The regulatory aspect piques my interest, in part because of the know-your-customer (KYC) aspects of post-ICO-linked financial transactions and recent efforts of EY, among others, to better incorporate emerging technologies into anti-money-laundering and KYC operations.

In this wild west, with its unregulated moral hazard, where does EY fit in?

My initial thoughts had the consultancy as the “Deadwood” preacher, known to all and trusted, but neither the law nor the bank. My colleagues convinced me EY will be more like the General Store, providing certified, trustworthy services and goods, helping clients mine for gold without shortcuts and faulty equipment that bring down the whole operation. Now imagine artificial-intelligence-enhanced, blockchain-powered resupply brought into Deadwood.

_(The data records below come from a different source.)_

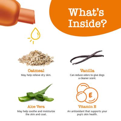 - This shampoo features oatmeal, aloe vera, vitamin E, and a blend of gentle ingredients to support your furbaby’s skin and coat health.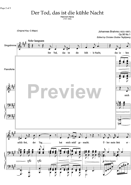 "Der Tod, das ist die kühle Nacht Op.96 No. 1" Sheet Music by Johannes Brahms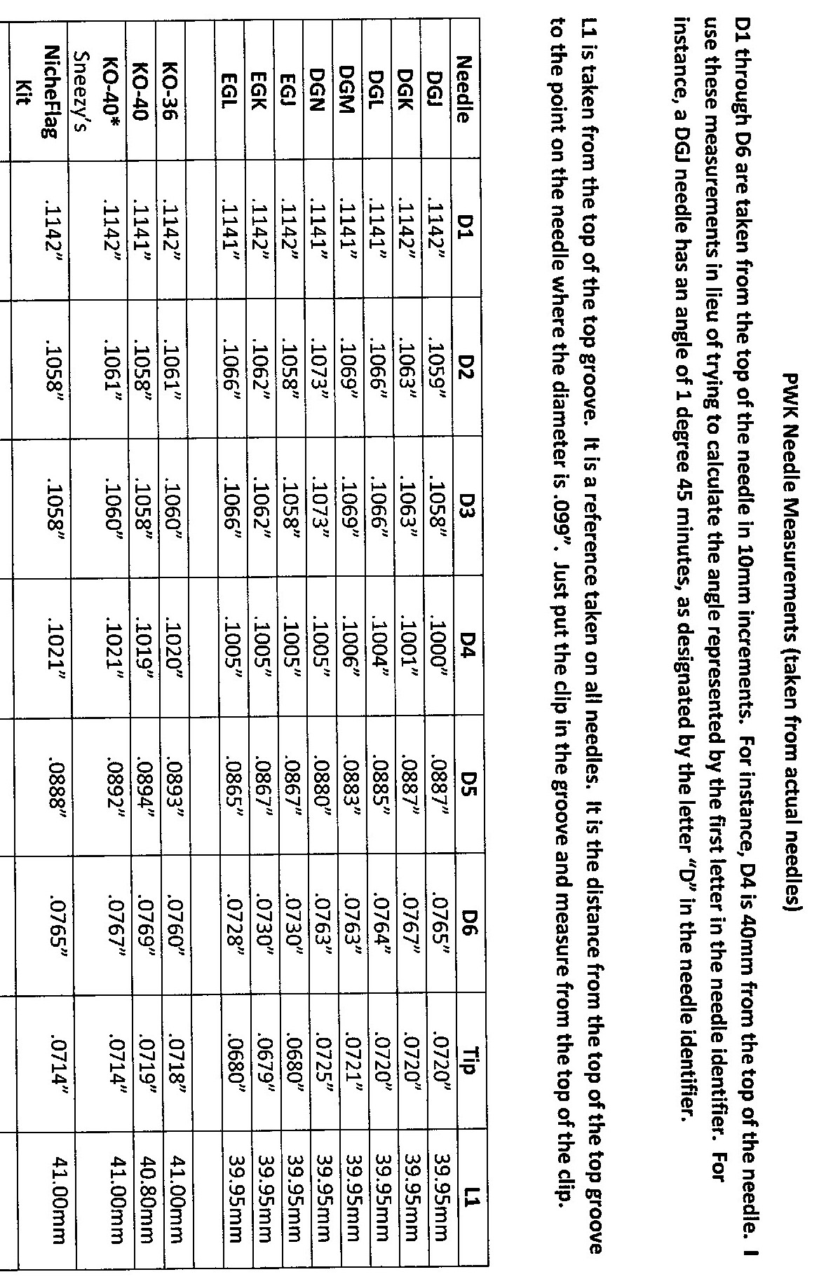 I do have the ability to accurately measure slide needles. This table provides measurements taken off the actual needles. The needles labeled with three letters (DGK, EGK, etc.) are genuine Keihin needles. The other needles came from knock-off repair kits or knock-off carbs. You may find the table useful. As noted in this report, I had good results with a DGK combined with a .075” air bleed and a #140 to #145 main jet, but the needle was controlling WOT mixture. I had superb results with an EGK combined with a .032” air bleed and a #135 main jet.

BFSI: An India-centric special scenario

Two up, two down

Four of the India-centric vendors share similar assessments of IT investments, predicting they will improve behind spend from larger-enterprise banking clients, with growth in digital implementations, mobility, and modernization of legacy IT infrastructures and applications portfolios. The divergence in performance in 2Q18 likely reflects one-time or short-term changes at large clients and not a strategic shift for any single vendor. From TBR’s quarterly analysis:

  • Infosys’ (NYSE: INFY) revenue expanded 6.8% in USD year-to-year to $2.83 billion during the quarter but was flat sequentially due to softness in its largest vertical, Financial Services. With 40% of large-scale deals in 2Q18 stemming from Financial Services clients, we expect vertical performance to rebound and bolster Infosys’ overall performance. While Infosys experienced softness among a few key accounts within Financial Services, the vertical continued to generate the largest percentage of sales, at 31.8% in 2Q18, as the company benefits from its platform-centric portfolio and “as a Service” solutions portfolio. In addition to Finacle-related deals, an uptick in demand among insurance clients, similar to the deal win with John Hancock, is driving McCamish platform adoption.
  • In recent quarters, Cognizant (Nasdaq: CTSH) has noted some acceleration in initial projects to map out blockchain implementations for banking and financial services clients. In fact, Cognizant has described the banking industry as the most mature sector regarding blockchain implementation, while insurers and retail companies are somewhat behind their banking counterparts and other industries are still in trial phases. Financial Services sales rose 4.5% year-to-year in 2Q18 as Cognizant’s slowly expanding pipeline of new business with banks and financial services clients began to translate into new revenue streams.
  • Banking, Financial Services and Insurance growth slowed for Tata Consultancy Services (TCS) to 5.3% year-to-year in 2Q18, from 6.9% in 1Q18, though TCS executives noted improving IT investment trends among U.S.-based financial institutions, saying they believe the recent slowdown in IT spend has “bottomed out.” TBR believes TCS’ open-based banking API framework enabling banking, financial services and insurance (BFSI) clients to expedite digital transformations is resonating increasingly well. TCS’ massive, $2 billion digital transformation award with Transamerica (won in January) continues to spool up while growth among banking institutions in Europe and APAC remains strong.